# Exercise description
If a record contains a picture, skip the picture and transcribe the rest exactly.

(Collected data entries)
########

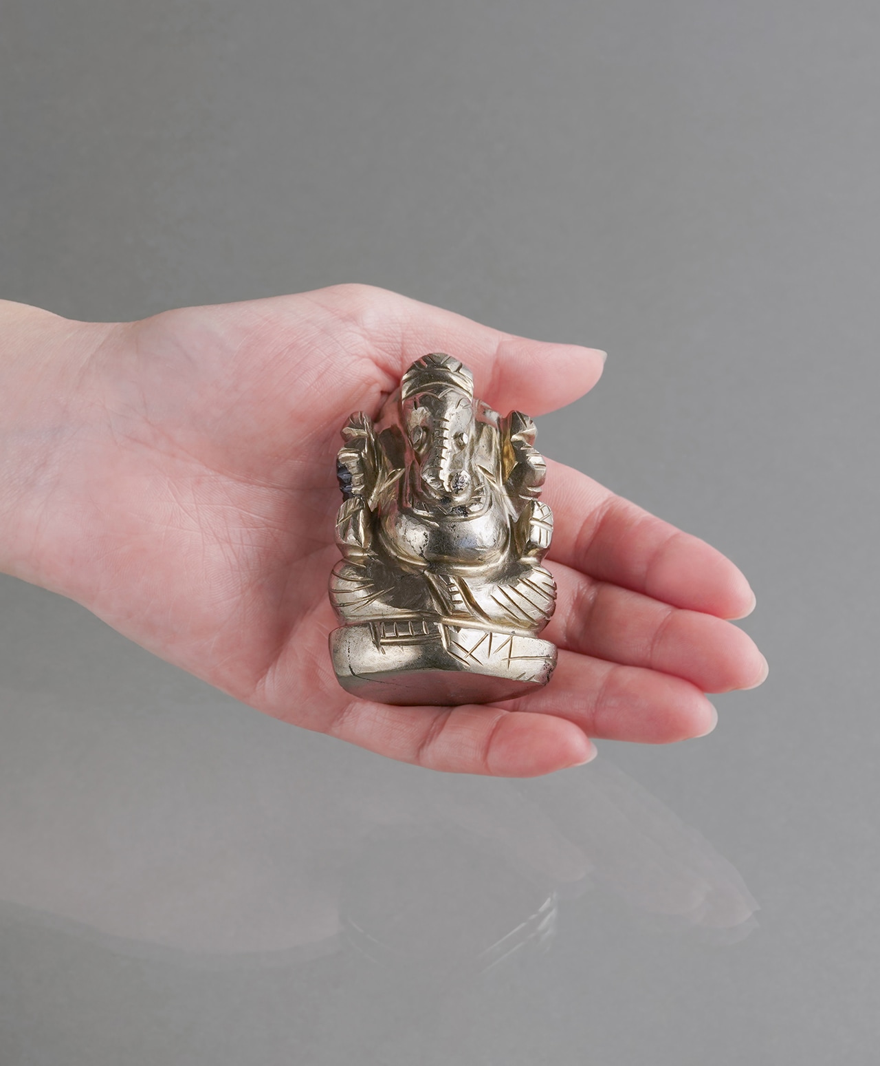ペルー産パイライトを、ガネーシャをかたどった美しい彫像にしました。
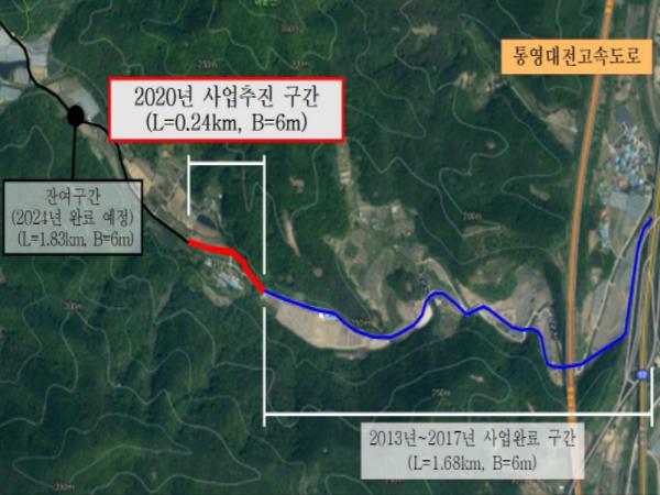 올해는 총 10억 원의 사업비를 들여 연장 240m의 도로를 폭 6m로 확장할 예정이며 2024년까지 전 구간 개통을 목표로 추진 중에 있다.
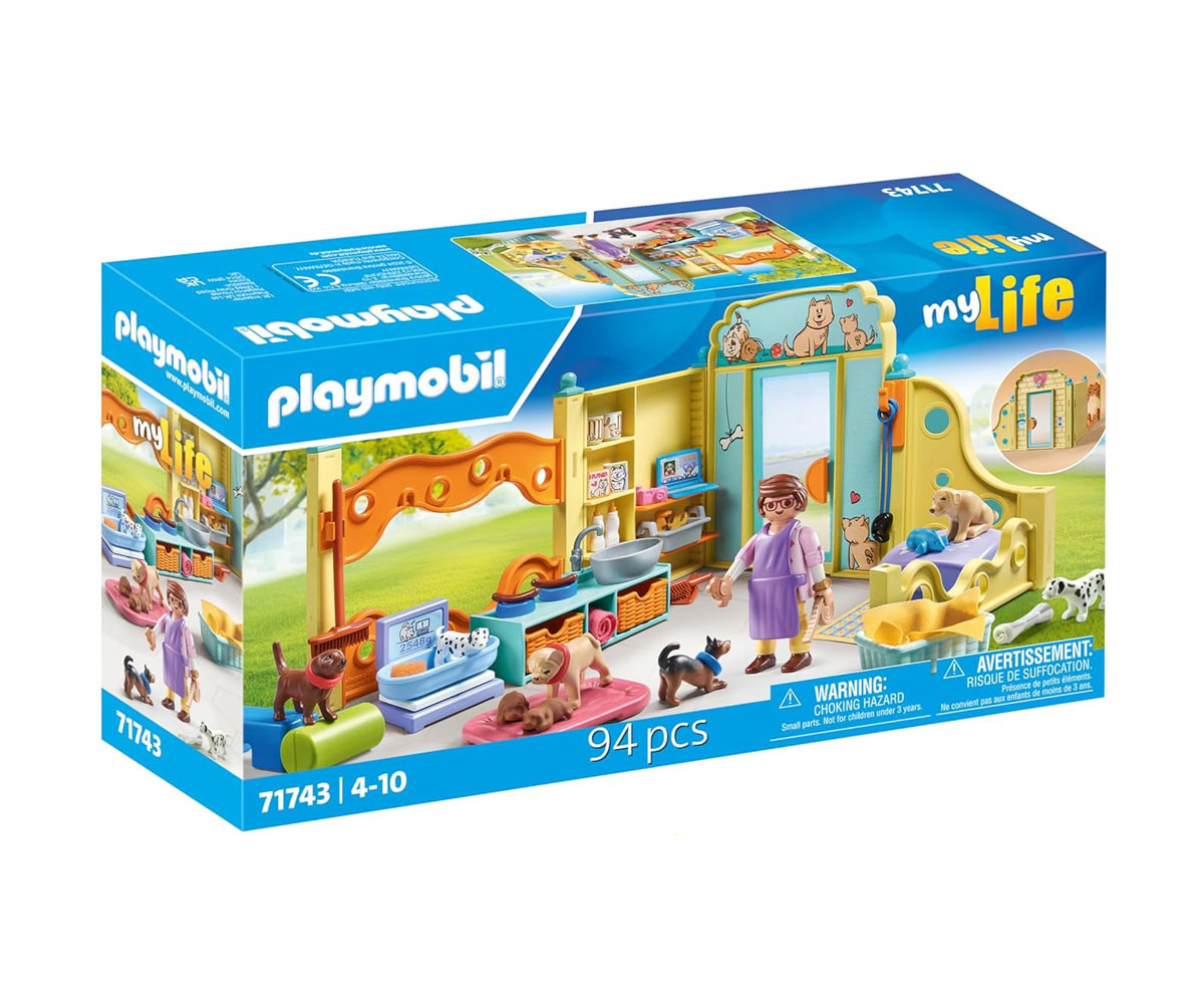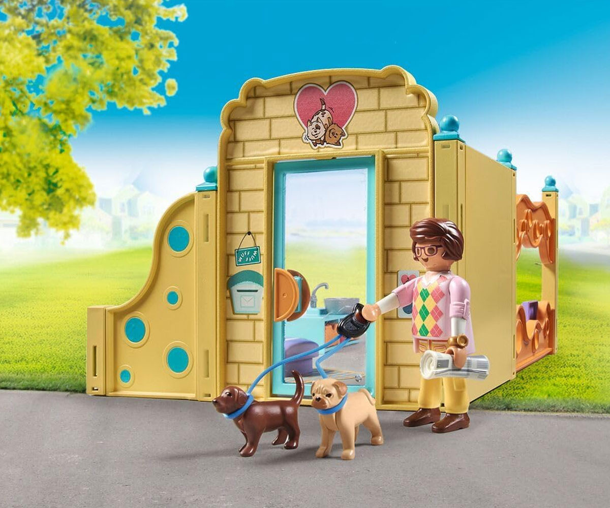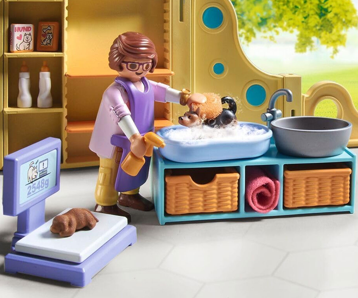 В новия дом за кученца малките палета получават грижовно внимание. Тук те могат игриво да изследват средата си и да се забавляват с другите кученца. Добре дошли в новия дом за кученца, където всяко пале се развива под грижливо наблюдение. В центъра за дневна грижа за домашни любимци на PLAYMOBIL храненето, къпането и играта протичат с лекота. Уютни легълца, станция за миене и забавни аксесоари осигуряват щастието на всяко кученце. Включеният двоен повод обещава весели разходки, а кошовете и рафтовете поддържат всичко подредено. Комбинирайте с PLAYMOBIL Хотел за животни (можете да го закупите тук), за да разширите забавлението и да предложите на младите любители на кучета безброй възможности да се грижат за своите любимци.
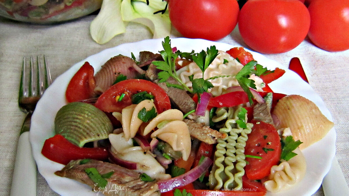 В салатнике смешать приготовленную пасту, мясо, лук, помидоры, перец, каперсы, зелень. Добавить по вкусу соль, перец, оставшуюся 1 ст л оливкового масла и перемешать. Приятного аппетита!
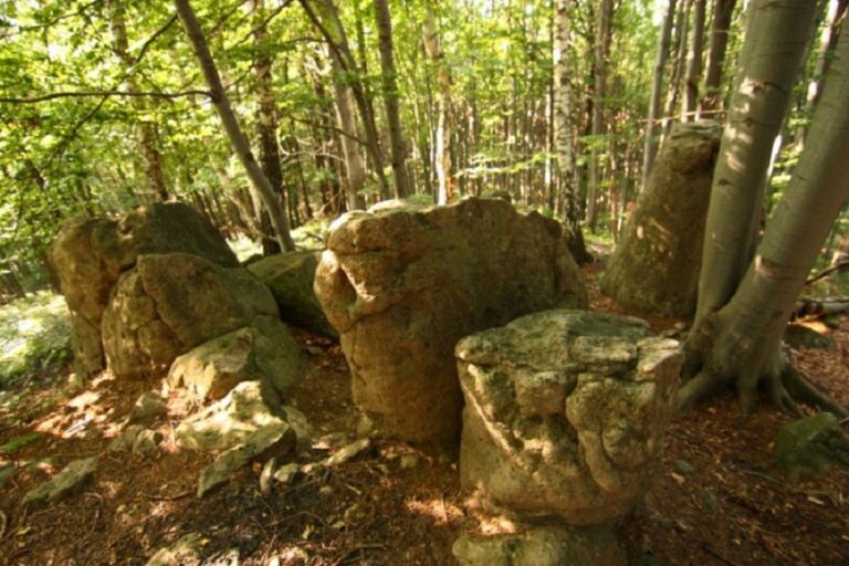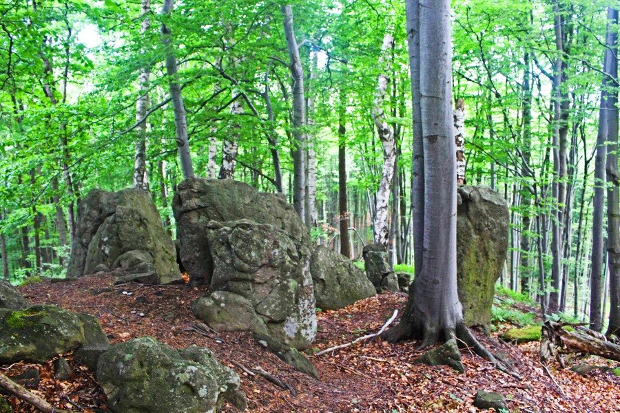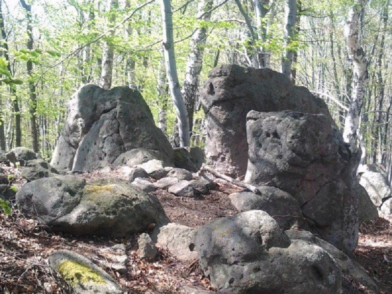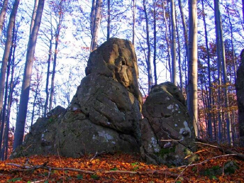 Prírodný útvar Kamenná tvár sa nachádza na konci bočného hrebienka, ktorý vychádza severovýchodne od vrcholu Mohyliek. Je na severnom ukončení hrebienka, takže sa vlastne jedná o prírodný skalný útvar, premenené čelo lávového prúdu. Zvetrávanie, poveternostné podmienky vytvorili spoločne s prirodzenými vlastnosťami horniny podliehajúcej týmto zmenám unikátny reliéf, ktorý pripomína črty ľudskej tváre. Tieto črty (oči, nos, ústa...) vo svojej kombinácii naozaj pri prispení fantázie a obrazotvornosti pripomínajú ľudskú tvár, akoby vytesanú do kameňa.

########

# Reply
ペルー産パイライトを、ガネーシャをかたどった美しい彫像にしました。
 올해는 총 10억 원의 사업비를 들여 연장 240m의 도로를 폭 6m로 확장할 예정이며 2024년까지 전 구간 개통을 목표로 추진 중에 있다.
 В новия дом за кученца малките палета получават грижовно внимание. Тук те могат игриво да изследват средата си и да се забавляват с другите кученца. Добре дошли в новия дом за кученца, където всяко пале се развива под грижливо наблюдение. В центъра за дневна грижа за домашни любимци на PLAYMOBIL храненето, къпането и играта протичат с лекота. Уютни легълца, станция за миене и забавни аксесоари осигуряват щастието на всяко кученце. Включеният двоен повод обещава весели разходки, а кошовете и рафтовете поддържат всичко подредено. Комбинирайте с PLAYMOBIL Хотел за животни (можете да го закупите тук), за да разширите забавлението и да предложите на младите любители на кучета безброй възможности да се грижат за своите любимци.
 В салатнике смешать приготовленную пасту, мясо, лук, помидоры, перец, каперсы, зелень. Добавить по вкусу соль, перец, оставшуюся 1 ст л оливкового масла и перемешать. Приятного аппетита!
 Prírodný útvar Kamenná tvár sa nachádza na konci bočného hrebienka, ktorý vychádza severovýchodne od vrcholu Mohyliek. Je na severnom ukončení hrebienka, takže sa vlastne jedná o prírodný skalný útvar, premenené čelo lávového prúdu. Zvetrávanie, poveternostné podmienky vytvorili spoločne s prirodzenými vlastnosťami horniny podliehajúcej týmto zmenám unikátny reliéf, ktorý pripomína črty ľudskej tváre. Tieto črty (oči, nos, ústa...) vo svojej kombinácii naozaj pri prispení fantázie a obrazotvornosti pripomínajú ľudskú tvár, akoby vytesanú do kameňa.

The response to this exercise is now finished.